# Guadalajara - San Blas. version 2010



## DrF035 (Aug 16, 2007)

Hola amigos bikers, hacia mucho tiempo que ya no posteaba, las fotos de los viajes y paseos que estoy realizando. Parte por flojera o parte por que ultimamente habia tenido problemas con mi camara fotografica y ya no la saco en mis rodadas.
Pero aqui les va la ultima ruta larga, que realice con mi grupos Extreme Elite de Gdl.

La Ruta realmente es de Tepic, Nayarit a San Blas Nayarit con una distancia aproximada de 80 Km.

La Clasica foto de Grupo iniciando, todos frescos, felices y contentos 









Iniciamos a las 9:00 a.m. hora de Tepic, para este viaje decidí llevarme la Banshee Rune, para probar su versatilidad, inclusive para rutas largas.









Esta ruta comienza con una subida de aproximadamente 2 horas









Despues hay un tramo de columpios, subidas y bajadas suaves como una hora mas









Tambien hay rios que cruzar, en los cuales uno se refresca las patas, pues para esta hora ya se empieza a sentir fuerte el calor









Tambien la vegetacion, se empieza a tornar cada vez mas tropical









Seguimos encontrando rios y pequeños lagos:









La temperatura se sigue elevando y continuamos pedaleando 









Y por fin llegamos a lo mas alto y comienza las bajadas :thumbsup: :thumbsup: :thumbsup: Viva la diversion !!!









Contiunuara ...

con la hora macabra 

esperala proximamente


----------



## DrF035 (Aug 16, 2007)

*Segunda Parte*

Asi es amigos llegamos a la hora cuchi, cuchi.
El la hora de cruzar el tunel de los vampiros.

Warning!!!
Estas fotos son de primicia mundial, pues todas las fotos que se habian tomado dentro de este tunel, por alguna razon desconocida, siempre se velaban. :madmax:  :madmax:









Fotos del interior mostrando los murcielagos revoloteando, en espera de sus inocentes victimas:









Aqui estamos todos preparandonos para cruzar y rezando un rosario y 3 padres nuestros.









Estos tres amigos dandoce un abrazo de despedida y deseandose suerte y armandose de valor:









Note la sonrisa fingida y congelada, de este amigo tratandose de hacer el valiente 









Aqui los murcielagos afilando sus colmillos y seleccionando sus victimas: :eekster:









A medio tunel, NOTEN por favor el fantasma que se aparece al pasar.
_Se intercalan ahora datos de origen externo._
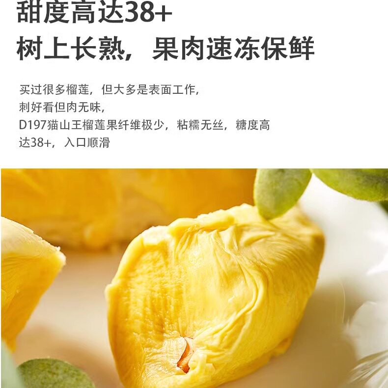 北马榴【树熟液氮】猫山王榴莲果肉D197马来西亚榴莲肉冷冻商用

OJO esto es real y no ningun efecto :eekster:









Gracias a Dios, todos sanos y salvos, al otro lado, sobreviviendo una vez mas.:madmax:









Ya pasando el susto, y para disipar los nervios hicimos nuestro tradicional concurso de caballitos y wheelies:









Una panoramica de la selva y al fondo ya se veia el mar .....  :band:

Continuara ....


----------



## DrF035 (Aug 16, 2007)

*Tercera y ultima parte*

Despues de 6 horas aproximadamente en la montaña, entre caminos, brechas, rios y jungla.
Llegamos a la carretera y de ahi rodamos por la carretera costera como 1 hora mas:









Aunque vas cansado, pero vas escuchando las olas del mar reventando y te refresca la brisa del mar en la cara.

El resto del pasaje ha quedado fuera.